The Effect of Asphaltenes on Crystallisation, Deposition and Solid-state Structure of Waxy Fluids

Asphaltenes and waxes are two components of crude oil that cause flow assurance issues. Although the components coexist, studies on the effect of asphaltenes on wax formation are contradictory and understanding is inconclusive. Such a contradiction has been attributed to the complex chemistry of asphaltenes and how this influences their interaction with paraffin waxes at a molecular level.
To better understand the effect of different structural, chemical and physical features of asphaltenes, a novel asphaltene fractionation method known as “extended-SARA” (E-SARA) was used to separate the whole asphaltene (WA) in the crude oils into strongly and weakly interfacially active asphaltenes by partitioning at an oil-water interface. These subfractions are commonly termed interfacially active asphaltenes (IAA) and remaining asphaltenes (RA) and have been shown to exhibit differing physicochemical properties. Therefore, this PhD thesis investigates the effect of those contrasting physicochemical properties on the wax crystallisation kinetics and gel-forming properties. Then, the study is extended to examine how asphaltenes (WA) impact the wax deposition behavior and modify the wax deposit properties under static and dynamic flow regimes.

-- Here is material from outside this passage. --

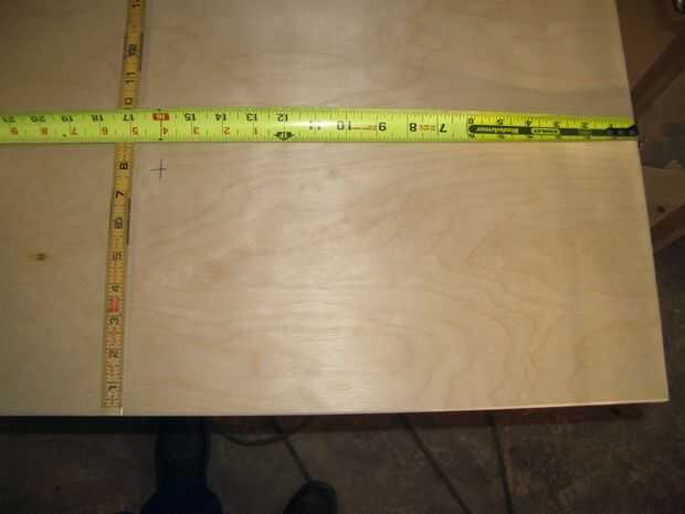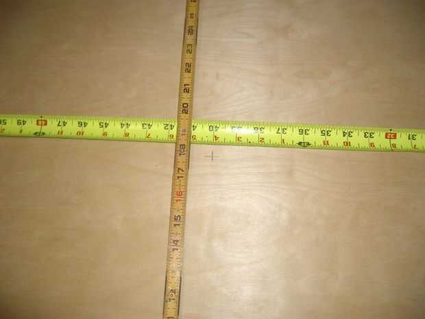 Mide 16" de los extremos de la puerta, y 7-3/4" en de los bordes, hacer marcas en las intersecciones de cuatro. Haga una marca en el centro muerto de la puerta, 1' - 6" de los bordes y 3' - 4" de los extremos, formando un quincunx. Me encanta esa palabra. Taladro 1/2" diámetro, 1/2 agujeros profundos en estos cinco lugares. Una vez más, revise las fotos.

The presence of RA or IAA asphaltenes, studied using polythermal crystallisation and turbidometric detection, was found to reduce the crystallisability of octacosane (C28) – a model waxy compound– by increasing the solubility temperature and broadening the metastable zone width. The study reveals a two-step crystallisation inhibition mechanism, where asphaltenes suppress initial molecular aggregation and later inhibit crystal growth. This effect was more pronounced with smaller asphaltene clusters at lower concentrations, which have greater crystallisation inhibitory power.
Further analysis of asphaltenes extracted from heavy crude oil shows that both RA and IAA lowered the wax gelation and appearance temperatures. RA decreased the gel yield strength with increasing concentration, while IAA increased it due to differing asphaltene-asphaltene interactions. RA interactions are repulsive with negligible adhesion, while IAA interactions are attractive with strong adhesion, highlighting their structure-breaking and structure-making properties.
In the wax deposition studies, the addition of asphaltenes during thermally-driven (static) deposition was found to reduce the rate of wax deposition and thickness of wax deposits formed by lowering the wax appearance temperature (WAT), requiring greater subcooling. Under shear-driven regime, hydrodynamics dominate, leaving the deposition rate and thickness unaffected by asphaltenes. However, asphaltenes increased the average molecular weight and wax content of the deposits. The overall yield strength of deposits remains balanced due to increased wax content countering the reduced wax gel strength.
These findings provide new insights into the complex mechanisms by which asphaltenes modify wax crystallisation, gel formation, and deposition, enhancing the understanding of flow assurance in crude oil production.